Without the DREAM program, “I’d be in the federal prison system, wherever they put me. And I probably wouldn’t be getting out for another three years.” Instead, she’ll be spending the holidays with her family.

District Judge Richard A. Jones, of the Western District of Washington, is currently the designated DREAM judge and he has seen his share of cases that could have benefited from diversion programs. Prior to joining the federal judiciary, he was a judge for the King County Superior Court, Washington, where he often sat as a sentencing judge in drug court.

“In Superior Court we would often have scheduled 12-15 sentences per day,” said Judge Jones. “Many of those sentences were for people who had been convicted for small quantities of drugs. They were selling small amounts to feed their own addiction. Many of these people whose lives had been destroyed: families lost, employment lost, and no hope of the future, found it was purely because of drug dependence.”

Judge Jones noted that, prior to diversion programs becoming available, “as a judge, you get frustrated because you know there has to be something other than pure incarceration, there have to be some alternatives when you know that with proper care, treatment, counseling you can save some of these people.

“You would see scores of individuals who, with the proper guidance and early treatment and earlier intervention could have avoided prison. Not to mention the exorbitant cost to house people in prison. I think the average cost, now, is somewhere around $30,000 to house someone in prison for a year. That same amount of money could have been used for rehabilitation or for some alternative treatment services that could have made a significant difference,” Judge Jones added.

The program doesn’t just save lives, it also saves a lot of money. “We are well past $1 million, probably closer to $2 million, of prison costs that we have avoided through the DREAM program by having alternatives to straight prison sentences,” said Judge Jones.

As for how it feels to help offenders avoid prison time, the judge said, “I can’t tell you how good a feeling,” it is. “It keeps you balanced because the most difficult part of the job of being a judge is sending people to prison. It is hard when you are looking out and seeing a family that is dependent on this person for survival. It is amazing to be able to look out and know that after 12 or 14 months or whatever the months were for that person’s participation, you know that you saved that person. They avoided a prison term, they are back with their families and, hopefully, you won’t have to see that person in the justice system, again. It keeps the balance for all the hard decisions you have to make to send people to prison, you have a balance in knowing you can actually do something to help save someone.”

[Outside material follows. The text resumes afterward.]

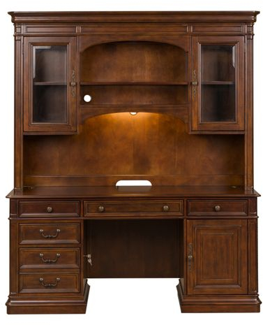 Create scale, add comfort, and define your style with the Brayton Manor Jr executive credenza set. Crafted with poplar solids with cherry and birch veneers, this piece features a smooth cognac finish, flip down keyboard tray, CPU tower/media storage space equipped with a slide out tray, non-glare adjustable touch lighting, and a locking file drawer for added security. Storage abounds with the fully stained full extension drawers and adjustable shelves behind the wood framed glass doors and center area in the hutch. With today's modern technology in mind, users can enjoy the convenience of the built-in wire management provisions.Read More

Corey Endo, assistant federal defender in Washington’s Western District, often sees situations that could be handled with mitigation processes rather than jail time. “There are many people who would be excellent candidates for the DREAM program (or similar programs), but who do not meet one of the criteria,” she said. “For example, two or more prior felony convictions disqualify a person from DREAM, even if a person served no time on those prior convictions or if the prior convictions were sentenced on the same day. If the eligibility criteria were broader or more flexible, many more people could participate in DREAM and similar programs.”

Endo believes the program could be expanded. “I think it is the rare case in which custody is a necessary component of sentencing and most people involved in the criminal legal system would benefit from a therapeutic model,” said Endo. “But even stepping back from my role and thinking about cases from a different perspective, I think there are a substantial number of cases in which the community and our clients would be significantly better served with a diversion program or some other sort of mitigation process.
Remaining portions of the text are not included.